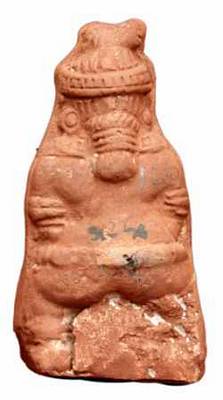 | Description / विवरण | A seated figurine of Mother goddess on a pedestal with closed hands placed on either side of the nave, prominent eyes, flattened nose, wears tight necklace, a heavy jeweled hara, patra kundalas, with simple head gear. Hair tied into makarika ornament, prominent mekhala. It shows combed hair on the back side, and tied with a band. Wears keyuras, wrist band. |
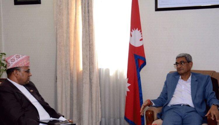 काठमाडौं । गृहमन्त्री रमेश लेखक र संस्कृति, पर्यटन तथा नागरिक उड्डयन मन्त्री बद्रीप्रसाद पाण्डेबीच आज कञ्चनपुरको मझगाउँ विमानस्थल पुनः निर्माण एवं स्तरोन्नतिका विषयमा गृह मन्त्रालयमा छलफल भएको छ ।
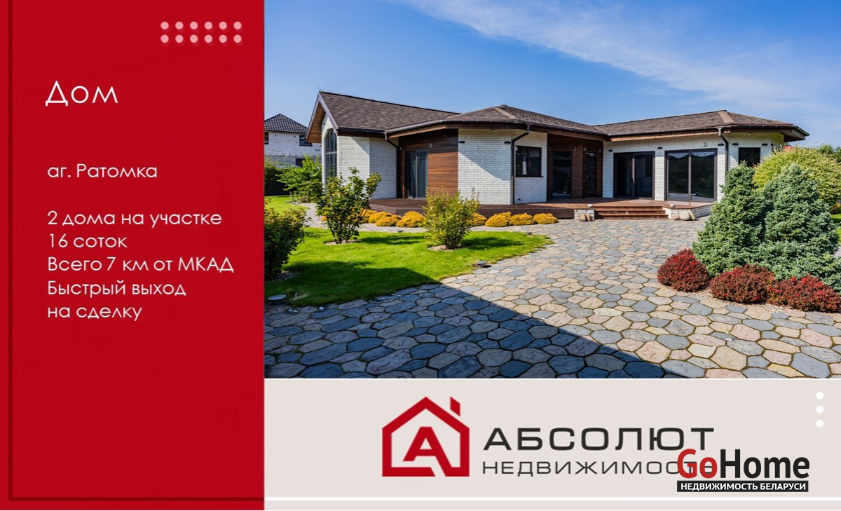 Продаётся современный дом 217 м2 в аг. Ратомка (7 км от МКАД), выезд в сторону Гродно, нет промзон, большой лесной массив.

* * *

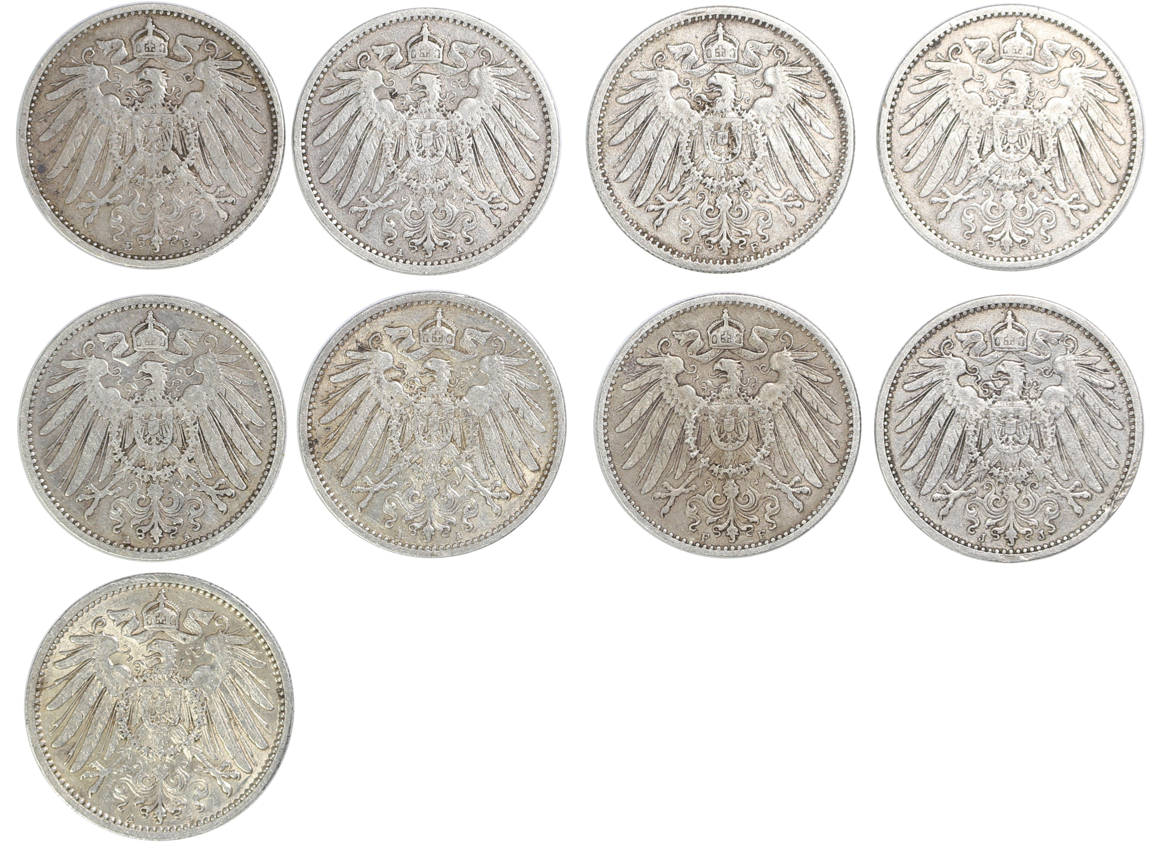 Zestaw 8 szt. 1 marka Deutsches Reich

__TASK ITEM__
Copy needed, without pictures: the lines of the listing above from the line containing "wrist band. |" up to and including the line containing "Продаётся современный дом", set down exactly.

__ANSWER SPACE__
 | Description / विवरण | A seated figurine of Mother goddess on a pedestal with closed hands placed on either side of the nave, prominent eyes, flattened nose, wears tight necklace, a heavy jeweled hara, patra kundalas, with simple head gear. Hair tied into makarika ornament, prominent mekhala. It shows combed hair on the back side, and tied with a band. Wears keyuras, wrist band. |
 काठमाडौं । गृहमन्त्री रमेश लेखक र संस्कृति, पर्यटन तथा नागरिक उड्डयन मन्त्री बद्रीप्रसाद पाण्डेबीच आज कञ्चनपुरको मझगाउँ विमानस्थल पुनः निर्माण एवं स्तरोन्नतिका विषयमा गृह मन्त्रालयमा छलफल भएको छ ।
 Продаётся современный дом 217 м2 в аг. Ратомка (7 км от МКАД), выезд в сторону Гродно, нет промзон, большой лесной массив.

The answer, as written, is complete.